DSI for SO3 removal typically employs hydrated lime as a low cost, high-efficiency sorbent. The hydrated lime can be injected into several locations throughout the flue gas path, depending on preferred operation. Performance can vary based on mixing, injection location, and whether the station employs an electrostatic precipitator (ESP) or fabric filter (FF) as their particulate removal device.
Traditionally, sorbent was injected after the air pre-heater and before the particulate collection device. This proved very effective at eliminating visible plumes at the stack. However, long-term operation in the US has proven that injecting upstream of the air pre-heater can provide several additional benefits.
|Dry sorbent injection is a low capital cost, high efficiency system|
By injecting hydrated lime upstream of the air heater, utilities have shown an improvement in air pre-heater performance through the reduction of H2SO4 corrosion and ammonium bisulfate (ABS) buildup caused by SO3 reaction with excess ammonia from SCRs.
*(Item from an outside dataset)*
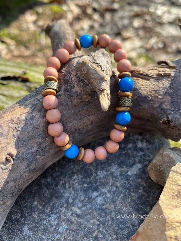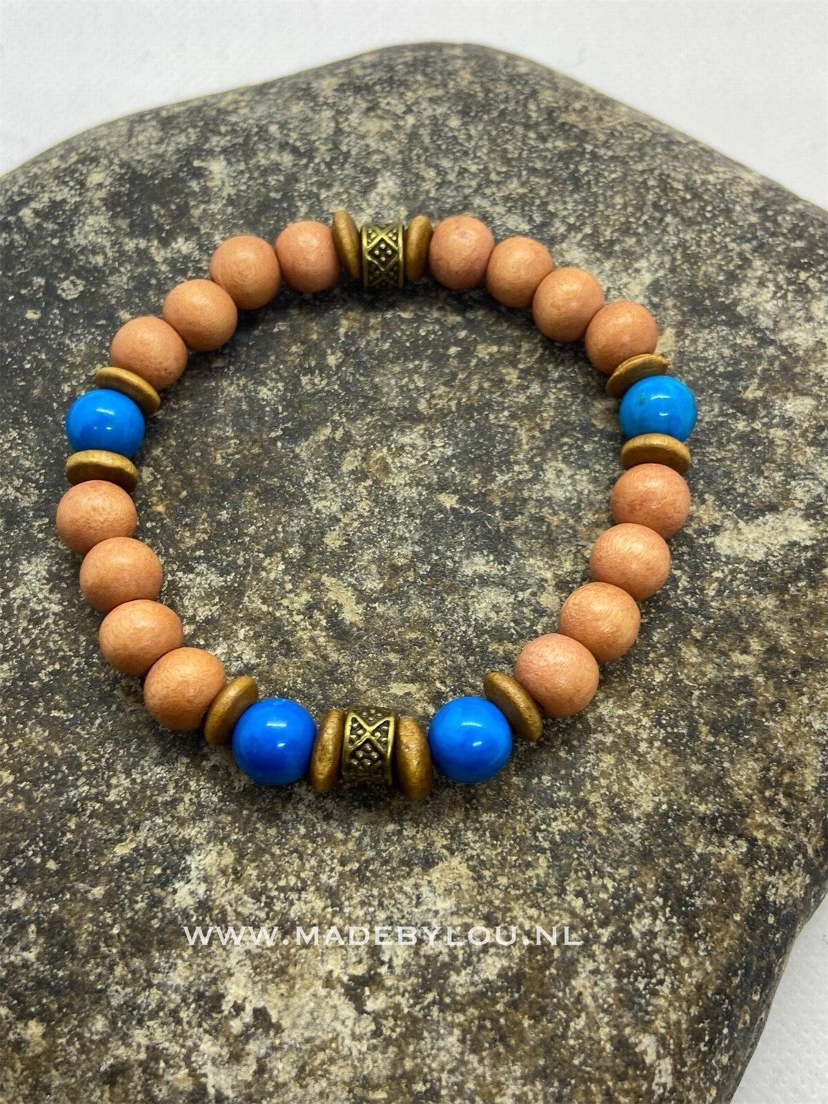 Materiaal: houtenkralen, natuursteen, metaal in brons kleur op elastiek. Nikkel vrij.

In other instances, this location will be upstream of an activated carbon injection (ACI) system, and the reduction in SO3 prior to interaction with powdered activated carbon (PAC) will allow for improved sorbent availability and effectiveness. Lastly, removal of SO3 prior to the air pre-heater reduces the back-end acid gas condensation temperature. With a consistent, well-designed DSI system in place, the air pre-heater can return more heat to the boiler, improving heat rate and overall efficiency.
A relatively new strategy is to move the hydrated lime injection location upstream of the SCR. In this application, hydrated lime allows the SCR to operate at lower temperatures by removing the SO3 that would otherwise react with ammonia to form ABS inside the catalyst layers.
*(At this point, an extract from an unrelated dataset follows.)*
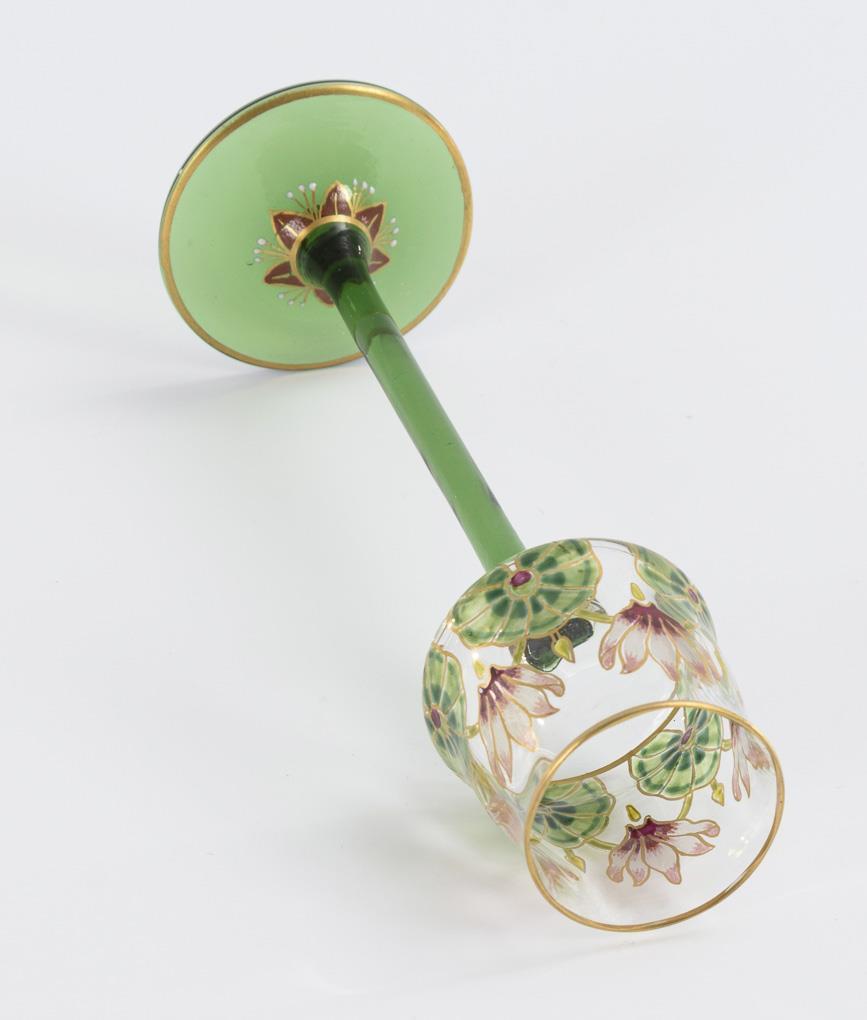Longitudinal optically blown dome of colorless glass, stem and round base of green glass. Circumferentially a polychrome painted, five-fold repeating alpine violet decoration in tranparent and opaque enamel with contour drawings in gold.

This allows the SCR to continue operation during low load conditions. Plugging of the SCR due to hydrated lime has not been evident and catalyst deactivation has also not been observed.
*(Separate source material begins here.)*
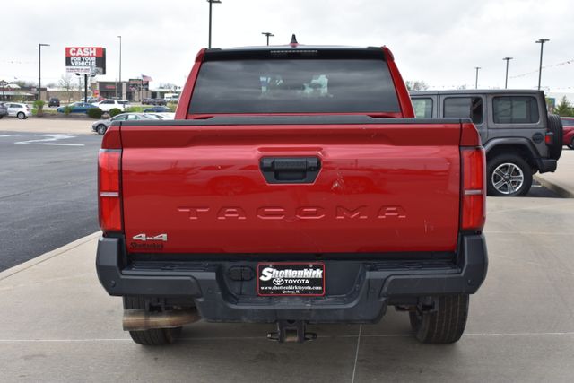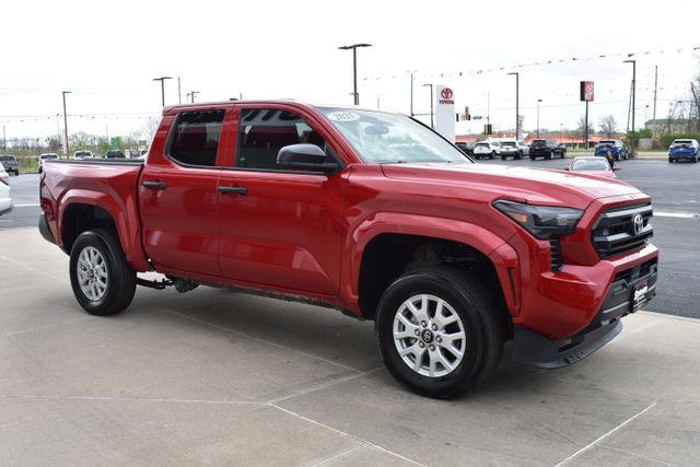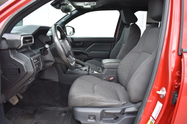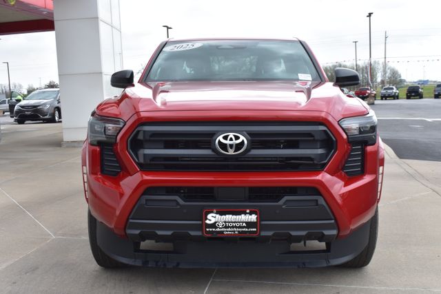2025 Toyota Tacoma Red SR 2.4L 4-Cylinder 8-Speed Automatic 4WD Towing/Camper Pkg, Clean Carfax, One Owner, Navigation, Local Trade, Backup Camera, Tacoma SR, 8-Speed Automatic, 4WD, Red, Black Cloth, 6 Speakers, ABS brakes, Air Conditioning, Alloy wheels, AM/FM radio: SiriusXM, Bumpers: body-color, Driver door bin, Exterior Parking Camera Rear, Fabric Seat Trim, Front Bucket Seats, Front Center Armrest, Front reading lights, Fully automatic headlights, Heated door mirrors, Illuminated entry, Low tire pressure warning, Outside temperature display, Overhead console, Passenger door bin, Power door mirrors, Power steering, Power windows, Rear step bumper, Rear window defroster, Remote keyless entry, Speed control, Split folding rear seat, Steering wheel mounted audio controls, Telescoping steering wheel, Tilt steering wheel, Traction control, Variably intermittent wipers.

With new SO2 emission limits varying between 100 and 220 mg/Nm3 for many coal-fired boilers in the EU, controls will be required to reduce current SO2 emissions. Technologies available include semi-dry and wet FGDs, or dry sorbent injection systems. Each has advantages and disadvantages.
DSI is an easily retrofitted, low capital cost system that is capable of relatively high (>90 per cent) SO2 removal, especially with a fabric filter. DSI employs SBC, trona, or hydrated lime as sorbents of choice depending upon local availability and removal levels required. Operating costs of a DSI system have shown to be comparable to other FGD systems in the right application.
Hydrated lime is typically used for lower SO2 removal levels (<50 per cent). However, newer, enhanced hydrated lime products injected prior to a fabric filter have shown the ability to reach moderate to high levels of SO2 reduction (70-80 per cent). This performance comes with higher injection rates compared to the sodium-based sorbents.
In Europe, SBC is the most available sodium sorbent for DSI. The material is delivered with a relatively large particle size to ease the handling and storage process. Therefore, it must be milled prior to injection to be effective.
UCC’s patented VIPER Mill was engineered specifically for this application in order to reduce particle size, maximize surface area and promote efficient sorbent usage without heating or damaging the product. The blow-through design simplifies the equipment requirement and allows one blower to convey the material from the silo through the mill to the duct.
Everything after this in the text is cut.